Who is Caelan Doris? Meet Ireland’s newest rugby star

The Mayo man has been named in Andy Farrell’s side to face Scotland this weekend

The mantle of expectation has sat easily on the broad shoulders of the six foot four inch Doris.

The mantle of expectation has sat easily on the broad shoulders of the six foot four inch Doris.

 

Caelan Doris will win his first cap in Ireland’s opening Six Nations match against Scotland at the Aviva stadium on Saturday, recognition of his superb form for Leinster this season and the qualities that he will bring to the test arena.

It didn’t require the foresight of a soothsayer to predict the ascent of the 21-year-old number eight to international rugby as his ability has long since flagged that notion; a precocious talent that hugged tightly to a remarkable overachieving arc since his schooldays at Blackrock College.

Born in the hamlet of Lacken, north Mayo, a few miles from the village of Kilalla, and a further 20-minutes from the town of Ballina he was educated at the local primary school. There were two people in his class and 35 in total; culturally the move to Blackrock as a boarder at the behest of his Dublin born parents - his father Chris went there - would have taken a little acclimatisation.

Having been introduced to rugby at Ballina RFC, Doris spent five years on cup teams in Blackrock, two on the JCT and three on the SCT. He was just two months overage for the Junior team when he played as a 15-year-old on the Senior team in fourth year, an impressive achievement physically, especially for a forward.
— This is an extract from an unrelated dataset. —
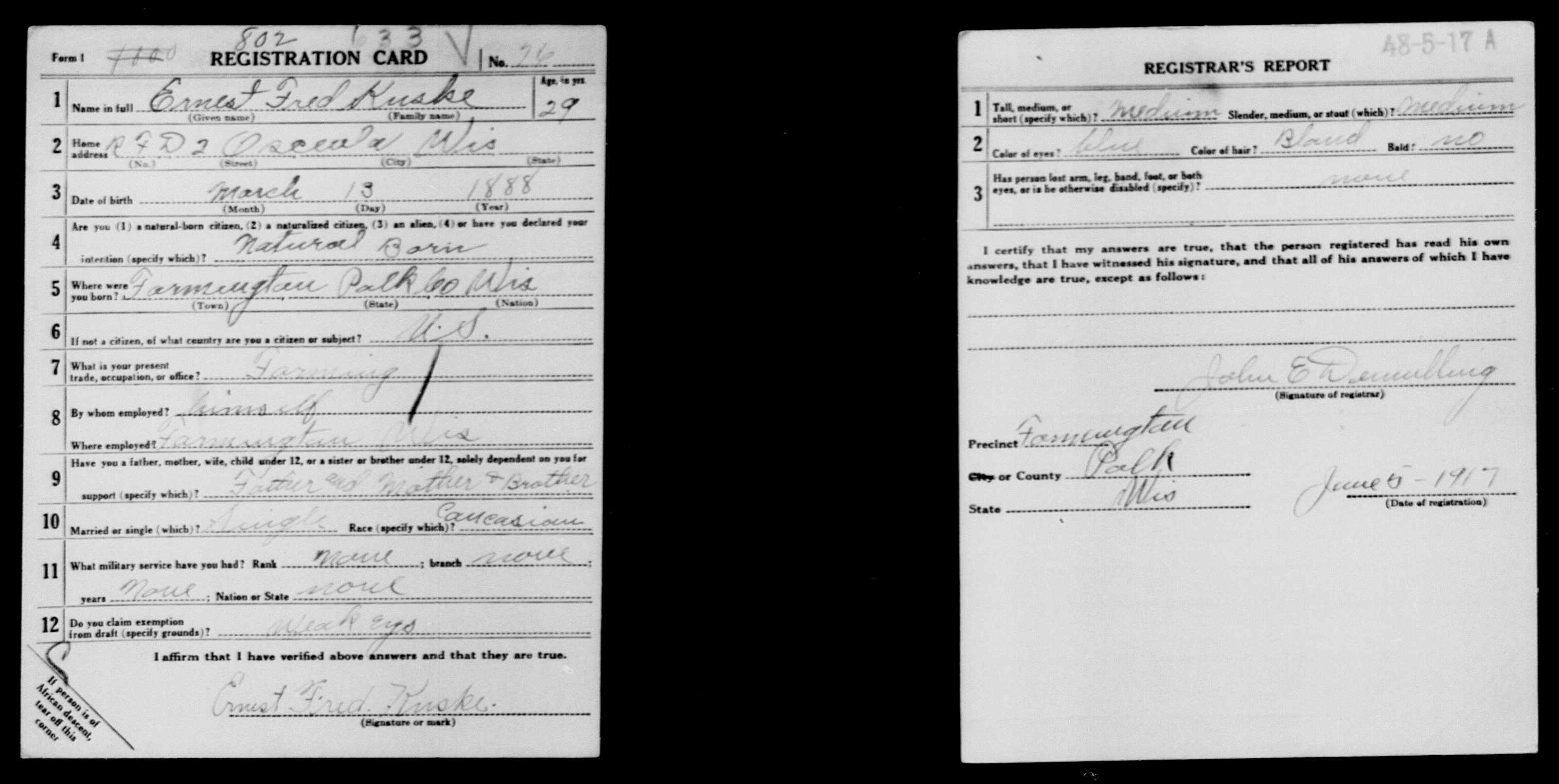 Ancestry.com Operations, Inc., U.S. World War I Draft Registration Cards, 1917-1918, Ernest Fred Kuske; Database and images, Ancestry.com LLC, Ancestry.com : 2005 (http://www.Ancestry.com/ : accessed 09/05/2012); citing National Archives and Records Administration, United States Selective Service System, "World War I Selective Service System Draft Registration Cards, 1917-1918," Washington, DC, Series M1509, 4,582 rolls, FHL Microfilm 1,674,884 [Surety: 3]. |

His granny lived close to Donnybrook and he recalled the sounds of rugby being played there from his childhood. He also explained in an interview with the Sunday Independent how his father, while artist in residence with the Mayo County Council, spent 40 days and nights at the top of Croagh Patrick interviewing pilgrims as part of a ‘social sculpture’.

He explained: “Yeah, he’ll kill me for not knowing this: it was a kind of conceptual art thing. He’s done a few different things like that. I can’t think of the right word for it. My mother carried me up so I was obviously pretty small. I actually don’t know too much about it other than that he spent 40 days and 40 nights up there. Don’t know what he really did up there, how he got his food or anything.”

He raced through the representative pathway, Leinster and Ireland Schools, culminating in two years on the Ireland Under-20 team - he first played an 18-year-old - the second as captain. He made his Leinster senior debut against Connacht in April, 2018 and has since gone on to make 29 appearances, starting four of Leinster’s Champions Cup pool matches this season in the absence of the injured Jack Conan.

Doris and Max Deegan (23), the 2016 Under-20 Player of the Year, have both excelled in the number eight jersey, and other numbers in the case of Deegan, for Leinster, winning a succession of man-of-the-match awards and driving each other to greater heights. The mantle of expectation has sat easily on the broad shoulders of the six foot four inch, 16 and a half stone, forward.

He recently outlined the areas of his game that he believes still require refining. “Just continue winning collisions on both sides of the ball, making as many metres as possible off carries and hopefully freeing up my hands and bringing more off-loads back into the game as well, which was probably one of my strengths at underage level. Obviously it’s harder again at this level but hopefully that will eventually shine through.”

In his final year of a Psychology degree, he had planned to spend the month of January, when time permitted, undertaking a research project on mental toughness and if it affects a player’s ability to perform as capably away as at home. He will have to shelve that project for a while with his new found status; albeit that over the next seven weeks he will be able to accumulate further firsthand material.